The film was investigated using wide area film surface topography, and profiles were mapped by the white light interferometry technique using a Filmetrics Profilm 3D optical profiler. By analyzing the 2D and 3D image obtained, along with the color scale, it is shown that the film roughness is 1.6 nm and the thickness is 131 nm. After corrosion, the surface of the thin film presents small holes, as can be seen in Figure 4. The film roughness increased to 3.9 nm, and the thickness decreased to 107 nm. The image of the film after corrosion shows small defects on the surface, along with an increased roughness.

Figure 5 shows the UV-Vis spectra measured for the borosilicate glass substrate and 50%ZnO50%Ta₂O₅ film before and after corrosion. In the visible region between 380 nm and 800 nm, the optical transmittance of the films is above 75%, which means that these films are transparent. The optical transmittance varies from ~75 to 95% due to the thin film interference effects resulting from the overlaying of light reflected on both sides of the thin film [31]. The maximum and minima on the spectra come from the constructive and destructive interference effects.

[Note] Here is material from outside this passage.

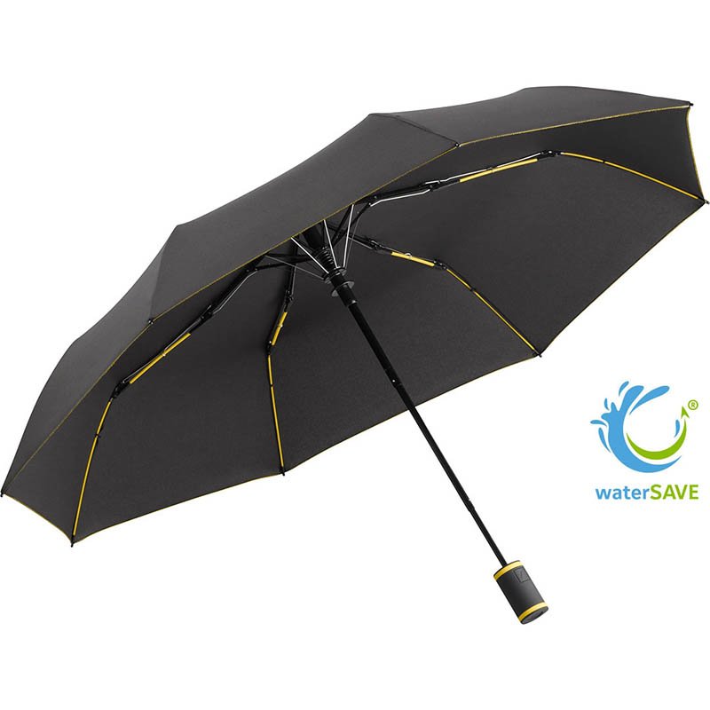 Convenient automatic function for quick opening, high-quality Windproof PLUS system for maximum frame flexibility in stormy conditions, flexible fibreglass ribs, polyester pongee material made of recycled plastics, eco-friendly thanks to original waterSAVE® cover material, with waterSAVE® label on the closing strap (with new deliveries), attractive design thanks to coloured ribs, handle rings and seams, soft-feel handle with push-button and promotional labelling option, convenient carry case with coloured seams and coloured flexible drawcord. Also available as another mini umbrella (art. 5084, 5484), midsize umbrella (art. 4784) and as golf umbrella (art. 2384).

Within a fixed wavelength range, the numbers of both maxima and minima on each spectrum depend on the optical thickness [31]. In the case of the thin film, the transmittance decreases insignificantly during the corrosion experiment. The transmission decreases a bit in the lower wavelength region, possibly due to absorption caused by oxygen deficiency or a lack of ion assistance during thin film growth. In the UV region, below 380 nm, a sharp decrease in optical transmittance occurs. This behaviour can be explained due to substrate absorption in the UV region and to the heavy absorption of light that is generally associated with the optical transitions through the energy gap of tantalum oxide [31]. The thin film bands move to a lower wavelength in the ultraviolet region, from 250 nm to 240 nm, and to a higher wavelength in the visible region, from 585 nm to 685 nm. The results from UV-VIS can be correlated with data obtained from the profilometer, and the changes in the optical spectrum can be explained by an increased roughness at the surface of the film after corrosion.

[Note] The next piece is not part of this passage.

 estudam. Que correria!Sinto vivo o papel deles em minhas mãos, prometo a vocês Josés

The optical direct band gap of the thin film is calculated according to the methods outlined in the literature [31,32]. When the thin film is non-crystalline, Tauc plots can be used to determine the optical direct band gap. Figure 6 presents the Tauc plot (αhν)² vs. energy (hν) for the film before and after corrosion. The band gap value is obtained from the intersection of the tangent of the absorption edge (straight line in the graph) with the x-axis.

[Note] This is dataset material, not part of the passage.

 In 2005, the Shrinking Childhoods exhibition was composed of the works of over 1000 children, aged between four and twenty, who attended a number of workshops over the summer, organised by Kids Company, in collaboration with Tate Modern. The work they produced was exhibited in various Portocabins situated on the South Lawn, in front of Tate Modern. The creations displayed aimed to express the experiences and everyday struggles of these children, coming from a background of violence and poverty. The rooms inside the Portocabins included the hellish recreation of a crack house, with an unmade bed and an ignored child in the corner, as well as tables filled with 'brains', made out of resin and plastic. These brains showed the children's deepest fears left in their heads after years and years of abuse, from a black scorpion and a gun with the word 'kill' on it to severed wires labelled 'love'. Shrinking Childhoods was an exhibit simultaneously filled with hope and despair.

The formulas used for axes of Tauc plot are:

hν = hc/λ = 1240/λ
α = −ln(T)/t

where α is the linear absorption coefficient and t is the film thickness.

The optical direct band gap of the thin film was 3.9 eV for the 50%ZnO50%Ta₂O₅ film before corrosion and 3.7 eV after corrosion. The film exhibits a better band gap than ZnO and is obtained at a lower cost than the Ta₂O₅ film. The thin film can be used for the protection of solar cells due to the band gap above 3.2 eV. Due to its high transmittance, the thin film can also be used to protect historical glass windows.

4. Conclusions

The thin film with a composition of 50%ZnO50%Ta₂O₅ and a thickness of 131 nm was obtained using e-gun technology. The glass substrate and composition were important in obtaining the vitreous state of the thin film. The thickness and roughness of the film are at appropriate parameters for the desired applications. A corrosion test similar to the acid rain effect was applied. The 50%ZnO 50%Ta₂O₅ thin film exhibits good optical and anticorrosive properties, determined from the UV-Vis spectra and XRD patterns. Corrosion insignificantly decreases the transmittance in the visible region, meaning that the film thickness decreases, but it is not dissolved. The thin film shows a transmittance in the visible region above 75% and a band gap of 3.9 eV. The band gap value indicated for the top glass of solar cells must be above 3.2 eV. The thickness and the chemical composition (especially the ZnO constituent) of the film are important and lead to low economic costs. Due to its high transmittance, the 50%ZnO50%Ta₂O₅ film can be used to protect historical windows or top glass of solar cells against the effects of acid rain.